[Exercise aim]
Make the copy match the entries below exactly, with no pictures carried over.

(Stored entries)
=====

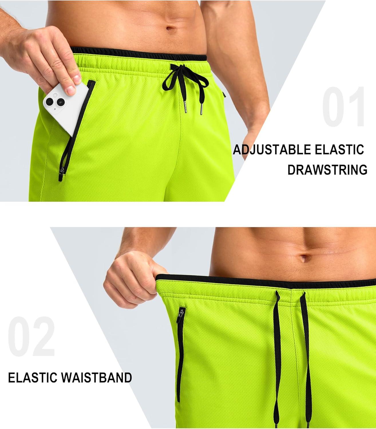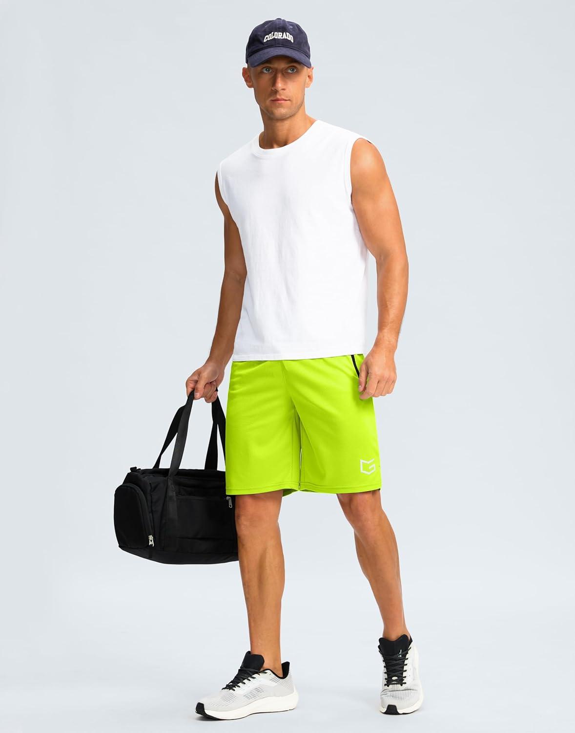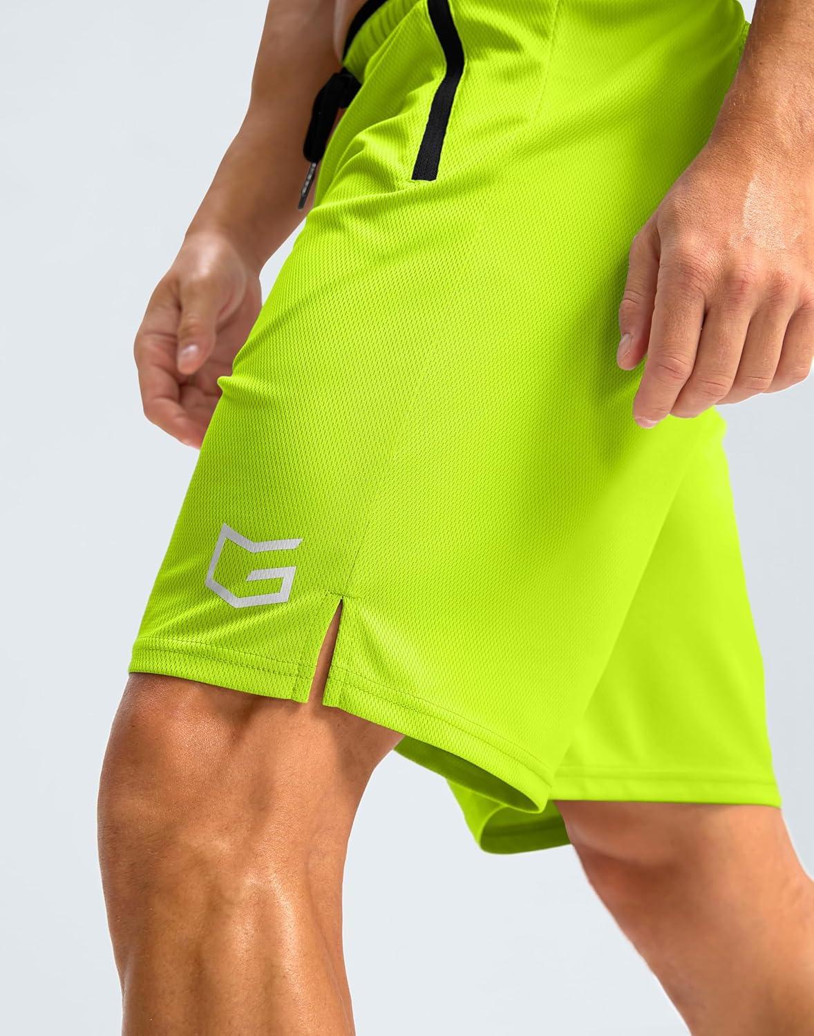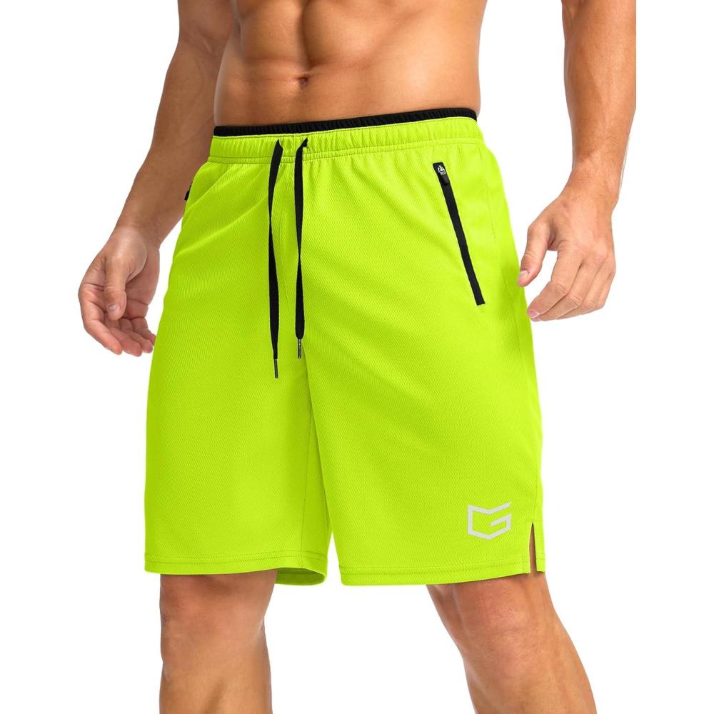 G Gradual Men’s Gym Shorts wtih Zipper Pocket 9″ Athletic Basketball Mesh Shorts for Men Workout Quick Dry Lightiweight(Highlight Yellow)
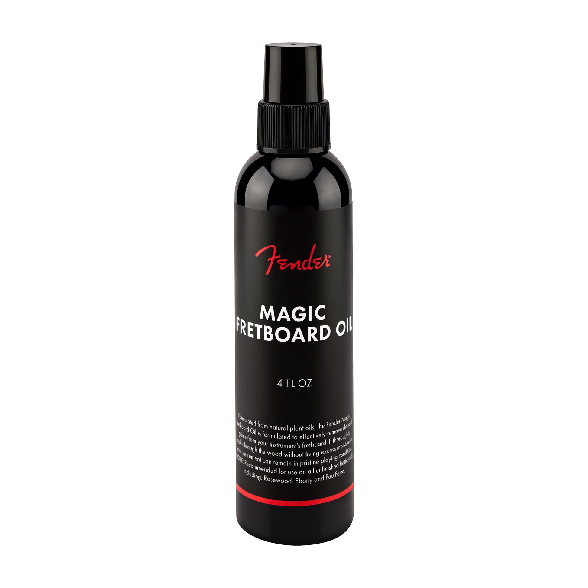 Formulated from natural plant oils, the Fender Magic Fretboard Oil effectively removes dirt and grime while leaving your instrument’s fretboard good as new. It thoroughly soaks through the wood without living excess moisture so your instrument can remain in pristine playing condition. This fretboard oil is free of any lemon oil extracts, which can be known to dry out the fretboard and potentially break down adhesive material keeping the frets and fretboard binding in place, resulting in more frequent maintenance required. NOTE: Recommended for use on all unfinished fretboards including: Rosewood, Ebony and Pau Ferro.
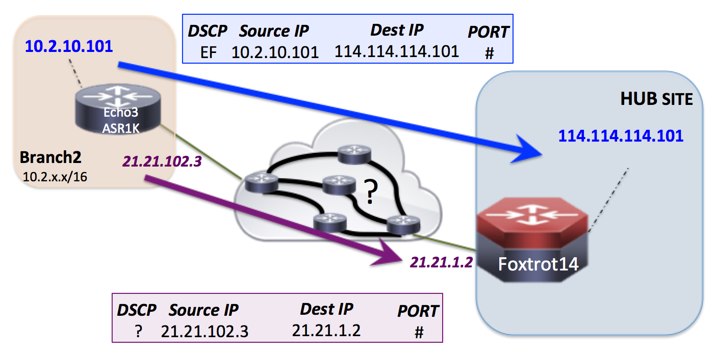 Let’s say you check the health of the path between Branch2 and the Hub Site with some type of probe/IP SLA. You will be doing it from the 2 WAN IP addresses 21.21.102.3 and 21.21.1.2. Right? How do you know that “health check” of the path between Branch2 and the Hub Site will actually end up going over the same path as the critical traffic between those two hosts?
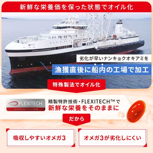 環境汚染の少ない南極の海域で漁獲された良質なナンキョクオキアミを、鮮度を保ったまま船内工場で素早く加工。新鮮な栄養価を守りながらオイル化することで、劣化しにくく高品質な仕上がりに。
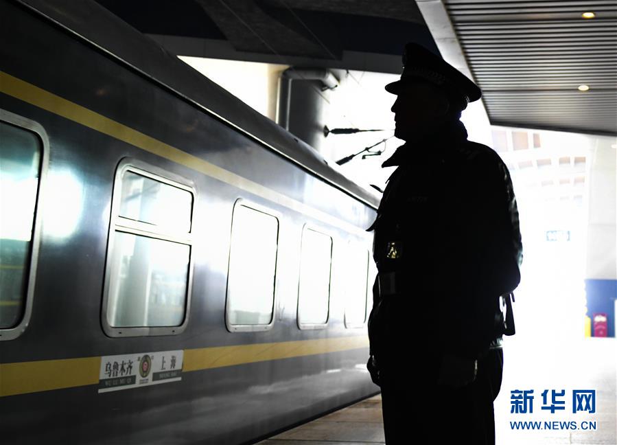 在乌鲁木齐站,周小平目送列车开往车库(1月30日摄)。 新华社记者 王菲摄
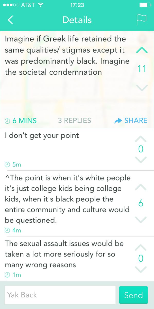 Seriously some of the smartest Yik-Yakking I’ve seen. I didn’t know they had it in them. #race #greek #rapeculture
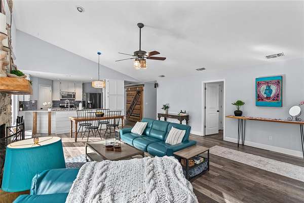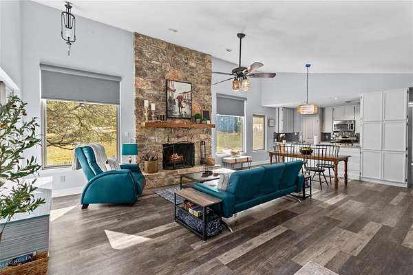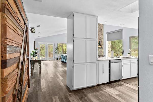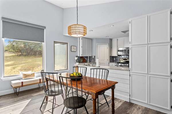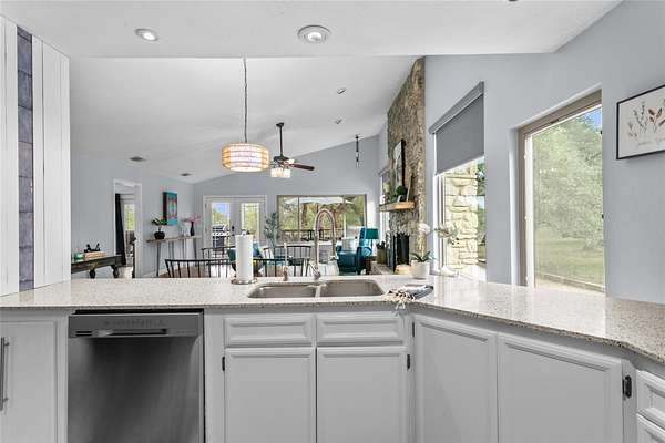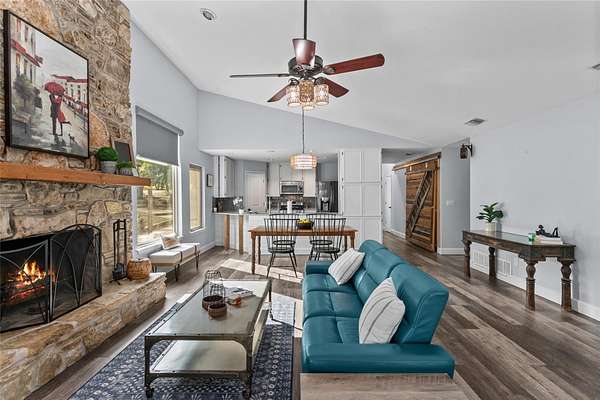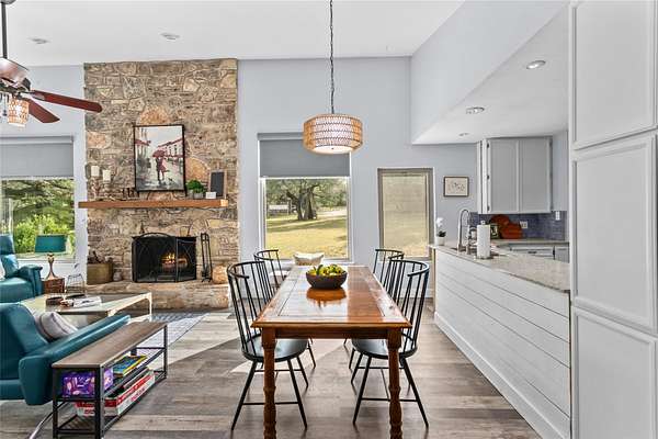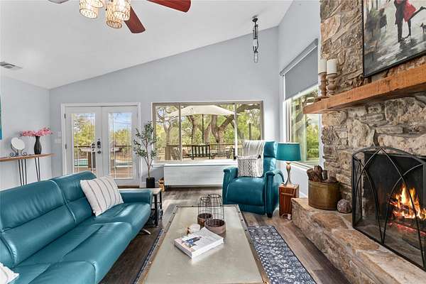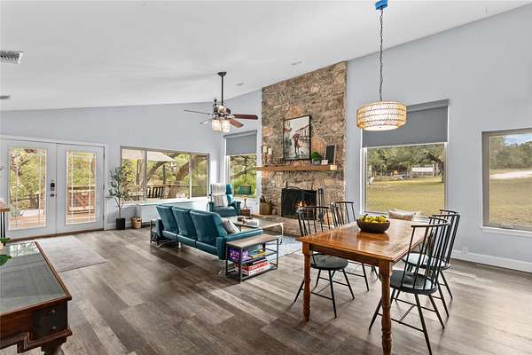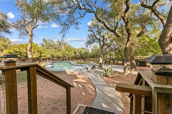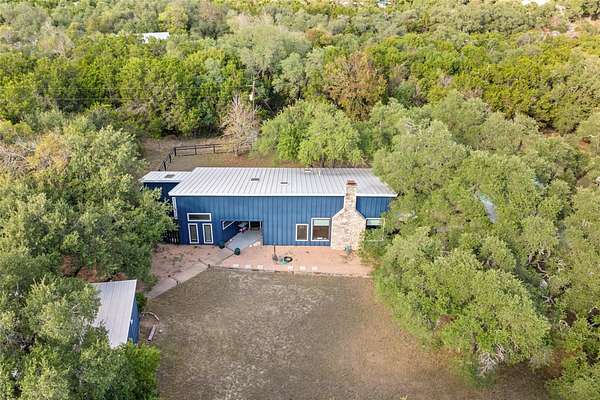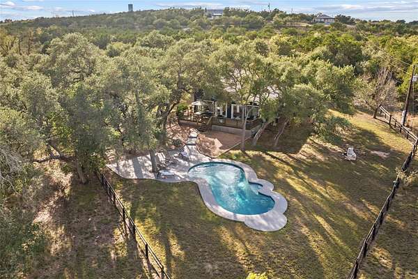Escape to a lifestyle that blends South Austin style with the laid-back charm of Dripping Springs at 1050 Springlake Drive. Set on 4.26 private acres of oak-filled tranquility, this inviting 3-bedroom, 2-bath retreat delivers modern comfort, artistic energy, and room to breathe-just minutes from downtown Dripping Springs. A winding drive leads you through the trees to a home that feels like a hidden getaway. Inside, warm natural light and wood accents create a cozy yet stylish atmosphere. The stone fireplace anchors the open living area, setting the stage for quiet evenings, gatherings with friends, or late-night conversations by the fire. The kitchen blends function and design with sleek quartz counters, modern finishes, and easy flow to the dining and living areas. Step outside and the real magic begins. Start your day with coffee on the spacious deck, surrounded by the sounds of nature. Spend sun-soaked afternoons lounging by the in-ground pool, or entertain under the open Texas sky while watching the sunset paint the landscape in golden hues. Whether you're hosting a weekend BBQ or enjoying a peaceful evening under the stars, this property offers unmatched outdoor living. Ready for hobbies, business needs, or extra storage, the large metal garage/shop is a dream space-ideal for car enthusiasts, creators, collectors, or those who need room to build, craft, or work from home. If you crave privacy but love being close to it all, this home delivers the perfect balance-Austin-inspired energy with Dripping Springs convenience. No HOA, endless potential, and land that feels like your own private park-this is your chance to create a lifestyle you don't need a vacation from. Live free. Live inspired. Live Hill Country. Welcome home
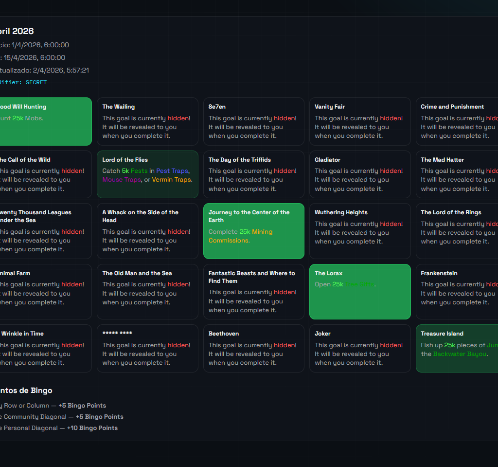 No queríamos listar objetivos en vertical. Eso no se parecía en nada a la experiencia real del juego. Así que lo convertimos en una carta 5×5, visual y navegable.
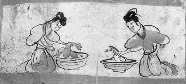 燙雞圖壁畫磚就出土于5號墓葬,這是繪制在一塊單塊磚面上的壁畫,磚面上用刷得甚薄的含膠白堊土作底,正中繪制二婢相對跪坐,袖子高高挽起,眉毛微撇,聚精會(huì)神地在各自的盆內(nèi)燙雞去毛。左邊盆內(nèi)雞有冠,為公雞形象;右邊盆內(nèi)雞無冠,似為母雞形象。用色較為單純,以墨、赭石和朱為主。畫面寥寥數(shù)筆,將婢女勞動(dòng)的情況表現(xiàn)得淋漓盡致,極具生活趣味。尤其是雞脖子被抓住的樣子非常傳神, 生動(dòng)地表現(xiàn)出寫實(shí)的情境。我們從中可以看到,1600多年前的人們殺雞處理食材,跟現(xiàn)在我們殺雞燙毛毫無二致。
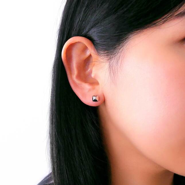 ピラミッド状の立体感が表裏楽しめるシルバーのスタッズピアス(片耳用)。
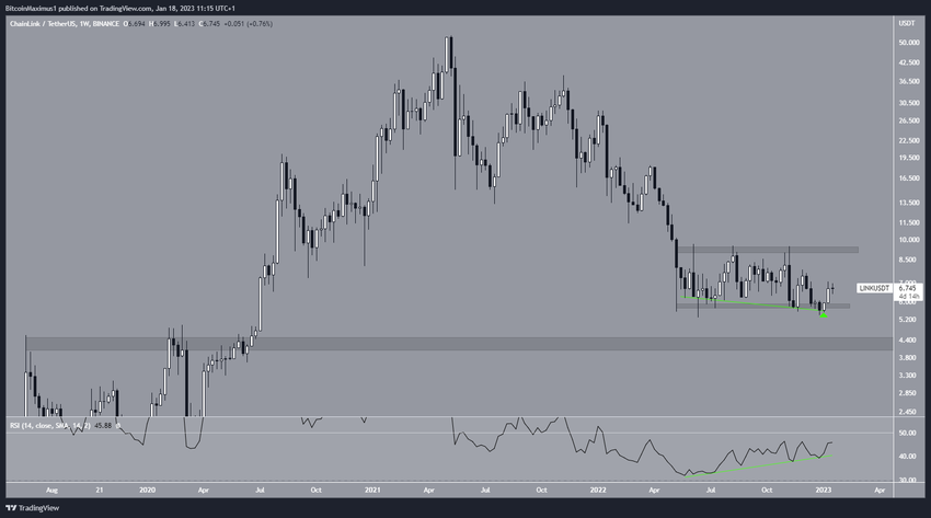 Desde mayo de 2022, el precio de Chainlink se ha negociado dentro de un rango a largo plazo de 5.80 dólares y 9.30 dólares. Tanto la parte superior como la inferior de la gama han sido validadas suficientes veces.
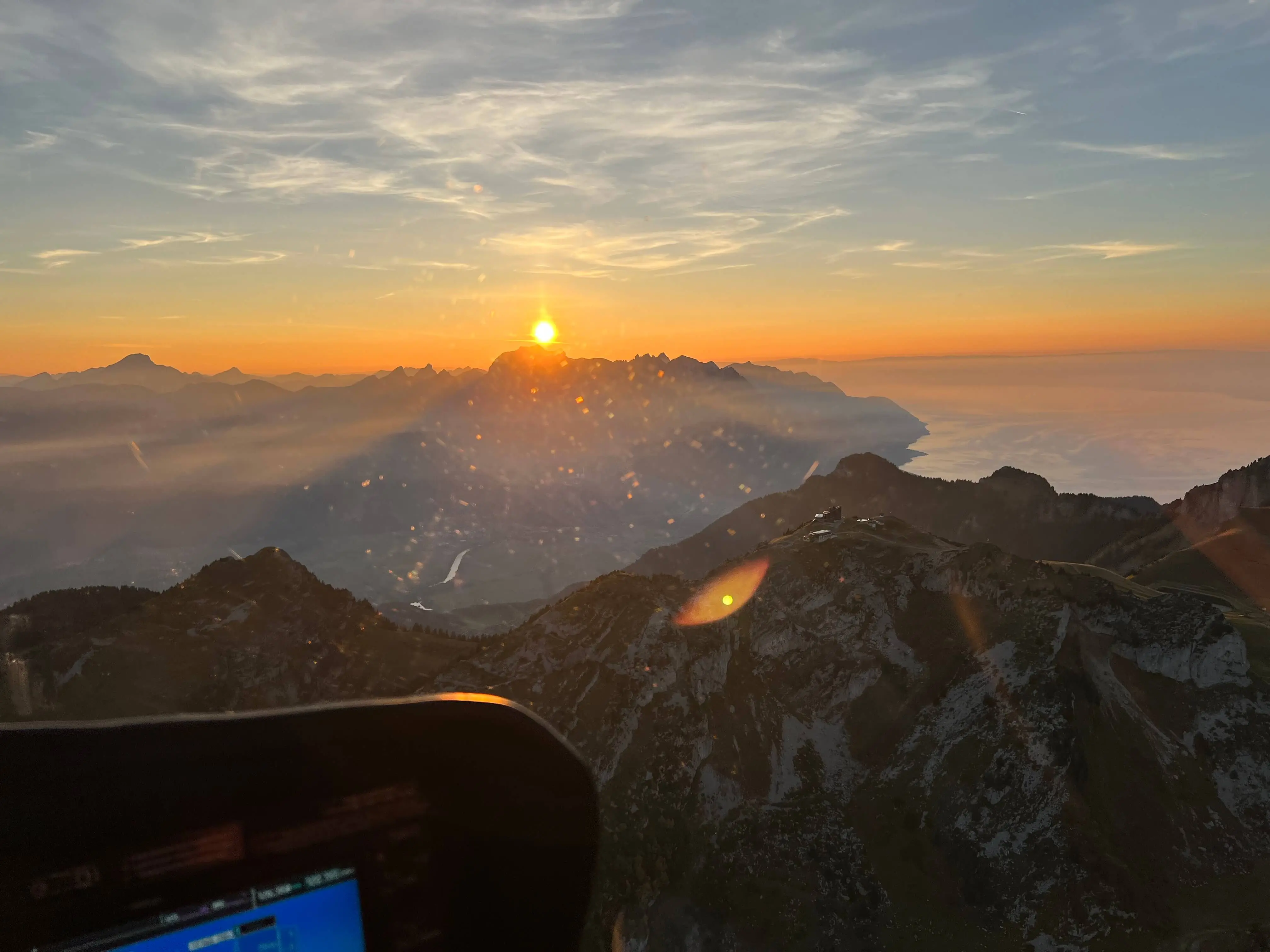 Aus dem Helikopter zeigt sich der Genfersee in seiner ganzen Weite mit seinen charakteristischen Uferlinien.
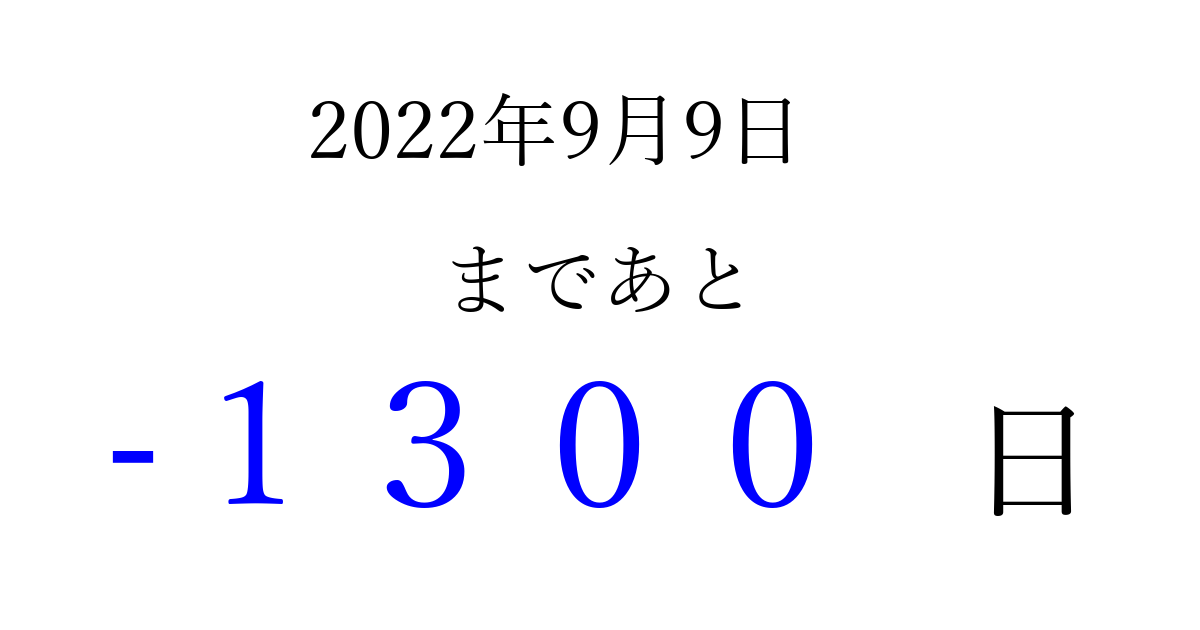 2022年9月9日(金)は もう 0000 日過ぎました 追加すると、トップページからすぐ選べるようになります ※2026/04/01現在の結果です。 最新の状態に更新する ↓シェアして、タイムライン上にカウントダウンを表示しよう!↓ 📤 この結果を共有する Tweet シェア Threads Bluesky 別の日付でカウントダウン 2022年9月のカレンダー このページをブックマークに追加すると、いつでもカウントダウンを確認できます。 (PC: Ctrl+D / Mac: ⌘+D) hitome-notes.comでは以下のページも運営しています。 指定日と期間から日付を計算 | ガチャ確率計算・シミュレーション | プライバシー・ポリシー 運営者:Avocado

=====

[Solution below]
 G Gradual Men’s Gym Shorts wtih Zipper Pocket 9″ Athletic Basketball Mesh Shorts for Men Workout Quick Dry Lightiweight(Highlight Yellow)
 Formulated from natural plant oils, the Fender Magic Fretboard Oil effectively removes dirt and grime while leaving your instrument’s fretboard good as new. It thoroughly soaks through the wood without living excess moisture so your instrument can remain in pristine playing condition. This fretboard oil is free of any lemon oil extracts, which can be known to dry out the fretboard and potentially break down adhesive material keeping the frets and fretboard binding in place, resulting in more frequent maintenance required. NOTE: Recommended for use on all unfinished fretboards including: Rosewood, Ebony and Pau Ferro.
 Let’s say you check the health of the path between Branch2 and the Hub Site with some type of probe/IP SLA. You will be doing it from the 2 WAN IP addresses 21.21.102.3 and 21.21.1.2. Right? How do you know that “health check” of the path between Branch2 and the Hub Site will actually end up going over the same path as the critical traffic between those two hosts?
 環境汚染の少ない南極の海域で漁獲された良質なナンキョクオキアミを、鮮度を保ったまま船内工場で素早く加工。新鮮な栄養価を守りながらオイル化することで、劣化しにくく高品質な仕上がりに。
 在乌鲁木齐站,周小平目送列车开往车库(1月30日摄)。 新华社记者 王菲摄
 Seriously some of the smartest Yik-Yakking I’ve seen. I didn’t know they had it in them. #race #greek #rapeculture
Escape to a lifestyle that blends South Austin style with the laid-back charm of Dripping Springs at 1050 Springlake Drive. Set on 4.26 private acres of oak-filled tranquility, this inviting 3-bedroom, 2-bath retreat delivers modern comfort, artistic energy, and room to breathe-just minutes from downtown Dripping Springs. A winding drive leads you through the trees to a home that feels like a hidden getaway. Inside, warm natural light and wood accents create a cozy yet stylish atmosphere. The stone fireplace anchors the open living area, setting the stage for quiet evenings, gatherings with friends, or late-night conversations by the fire. The kitchen blends function and design with sleek quartz counters, modern finishes, and easy flow to the dining and living areas. Step outside and the real magic begins. Start your day with coffee on the spacious deck, surrounded by the sounds of nature. Spend sun-soaked afternoons lounging by the in-ground pool, or entertain under the open Texas sky while watching the sunset paint the landscape in golden hues. Whether you're hosting a weekend BBQ or enjoying a peaceful evening under the stars, this property offers unmatched outdoor living. Ready for hobbies, business needs, or extra storage, the large metal garage/shop is a dream space-ideal for car enthusiasts, creators, collectors, or those who need room to build, craft, or work from home. If you crave privacy but love being close to it all, this home delivers the perfect balance-Austin-inspired energy with Dripping Springs convenience. No HOA, endless potential, and land that feels like your own private park-this is your chance to create a lifestyle you don't need a vacation from. Live free. Live inspired. Live Hill Country. Welcome home
 No queríamos listar objetivos en vertical. Eso no se parecía en nada a la experiencia real del juego. Así que lo convertimos en una carta 5×5, visual y navegable.
 燙雞圖壁畫磚就出土于5號墓葬,這是繪制在一塊單塊磚面上的壁畫,磚面上用刷得甚薄的含膠白堊土作底,正中繪制二婢相對跪坐,袖子高高挽起,眉毛微撇,聚精會(huì)神地在各自的盆內(nèi)燙雞去毛。左邊盆內(nèi)雞有冠,為公雞形象;右邊盆內(nèi)雞無冠,似為母雞形象。用色較為單純,以墨、赭石和朱為主。畫面寥寥數(shù)筆,將婢女勞動(dòng)的情況表現(xiàn)得淋漓盡致,極具生活趣味。尤其是雞脖子被抓住的樣子非常傳神, 生動(dòng)地表現(xiàn)出寫實(shí)的情境。我們從中可以看到,1600多年前的人們殺雞處理食材,跟現(xiàn)在我們殺雞燙毛毫無二致。
 ピラミッド状の立体感が表裏楽しめるシルバーのスタッズピアス(片耳用)。
 Desde mayo de 2022, el precio de Chainlink se ha negociado dentro de un rango a largo plazo de 5.80 dólares y 9.30 dólares. Tanto la parte superior como la inferior de la gama han sido validadas suficientes veces.
 Aus dem Helikopter zeigt sich der Genfersee in seiner ganzen Weite mit seinen charakteristischen Uferlinien.
 2022年9月9日(金)は もう 0000 日過ぎました 追加すると、トップページからすぐ選べるようになります ※2026/04/01現在の結果です。 最新の状態に更新する ↓シェアして、タイムライン上にカウントダウンを表示しよう!↓ 📤 この結果を共有する Tweet シェア Threads Bluesky 別の日付でカウントダウン 2022年9月のカレンダー このページをブックマークに追加すると、いつでもカウントダウンを確認できます。 (PC: Ctrl+D / Mac: ⌘+D) hitome-notes.comでは以下のページも運営しています。 指定日と期間から日付を計算 | ガチャ確率計算・シミュレーション | プライバシー・ポリシー 運営者:Avocado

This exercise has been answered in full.